В гостиную вошла горничная Катя, огромная девица о тупым лицом, и спросила, не будет ли распоряжений.

— Погоди, Катя, — сказала Зоя Федоровна, — ведь ты нынче в городе была. Скажи на милость, что, собственно, происходит?

— А ничего, Зоя Федоровна, не происходит, — ответила Катя и вытаращила глаза.

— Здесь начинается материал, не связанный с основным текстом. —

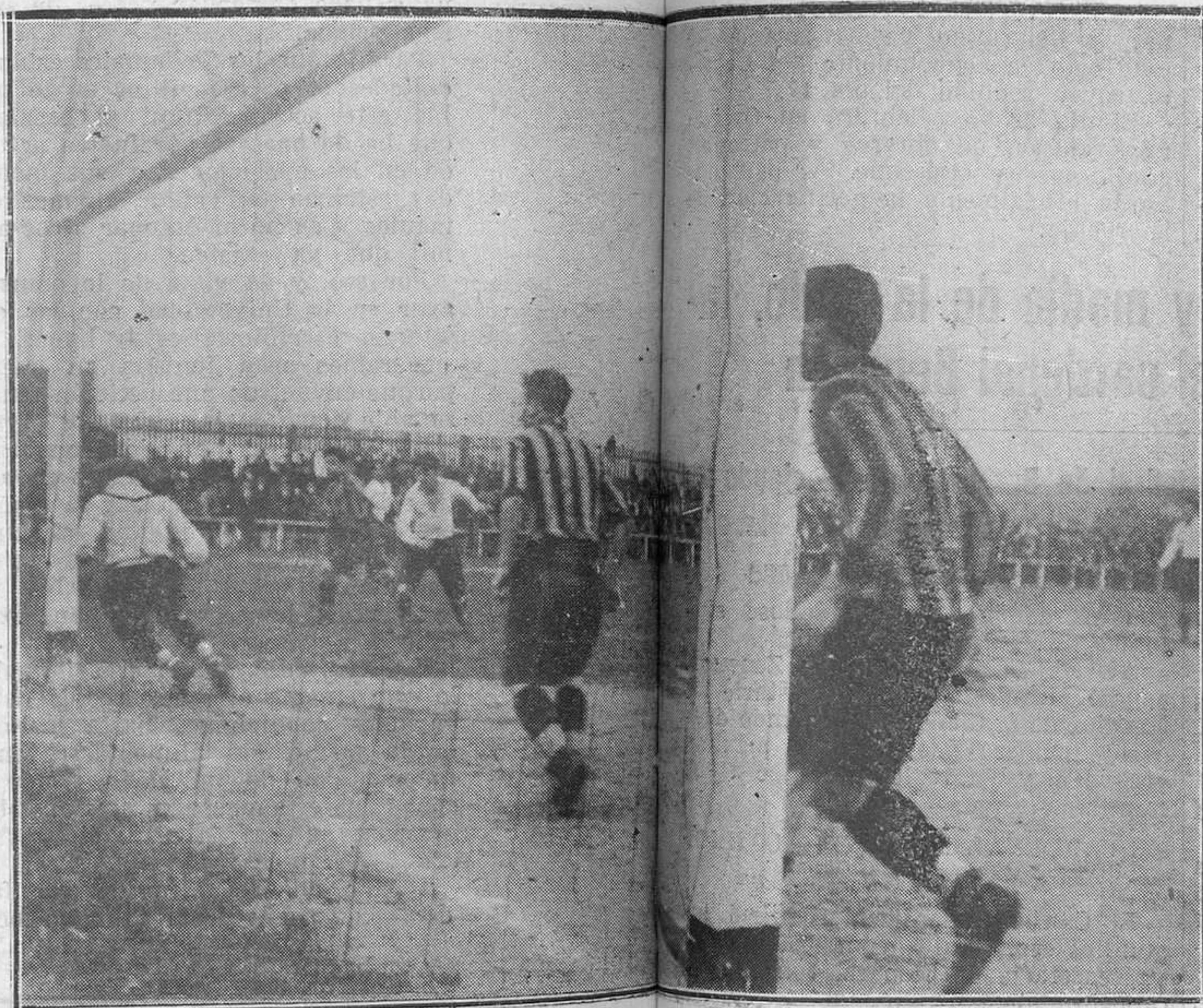
UNION-STADIUM OVETENSE.-Intervención del portero en un momento interesante.

El transcurso del anterior tanto a este quinto tanto que hace el Stádium, vemos algunas buenas jugadas por parte y parte, interviniendo ambos por igual eficazmente. Pero el Unión ataca mucho y, así, Oscar, tiene ocasión de oír aplausos en muchas paradas magnas, que sólo él es capaz de

— Как же ничего не происходит?! — с возмущением сказал Василий Васильевич. — Ведь государственный переворот в городе происходит, садовая твоя голова!

— Не знаю я ничего, — с упорством сказала Катя, — мы в Богородском на крестинах гуляли.

— Вот возьми ее за рубль двадцать! — воскликнул Василий Васильевич, когда Катя ушла на кухню. — А ты говоришь — революция, революция!… Этому народу не революция нужна, а новое крепостное право, потому что дубина народ и тысячу раз прав был Толстой, хотя он и завиральный писатель: не приведи бог увидеть русский бунт, бессмысленный и жестокий!

— Я Толстого не признаю, потому что он был против медицины, — сказал Иван Сергеевич, — но касательно революций могу изложить следующую позицию. Вопросов совести и души революции, понятное дело, не разрешают, но они разрешают такие вопросы, что сразу вольготнее делается совести и душе. Вот Зоя Федоровна говорит: последний день Помпеи… А я поправляю: последний день огромадного отхожего места, которое давно нуждается в дезинфекции, потому что тысячу лет существует Россия и тысячу лег Европе стыдно в глаза смотреть — такое дикое государство. Теперь касательно грабежей: тебя, Вася, не революция грабит, тебя грабители грабят, путаник ты, Василий.

Василий Васильевич вдохнул в себя воздух, но ничего не сказал. Аглая Петровна просияла — ей было приятно, что ее супруг переспорил капиталиста. Дети играли в кубики.

— Одно я знаю, как «Отче наш», — сказал Василий Васильевич после продолжительной паузы, — в конце концов, куда Россия, туда и мы. У нас с ней, с матерью, один маршрут, потому что мы русские люди, брат, мы русские люди — вот в чем загвоздка! Куда Россия, туда и мы: на крест, на костер, в выгребную яму!..

Собственно, эта сцена, завершающаяся монологом Василия Васильевича, со временем мне понадобится потому, что в конце ноября Василий Васильевич совершил довольно странный поступок: он добровольно раздал все свое имущество, начиная с трикотажной фабрики на Госпитальном валу, которую он отписал Московскому Совету, и кончая платьями Зои Федоровны.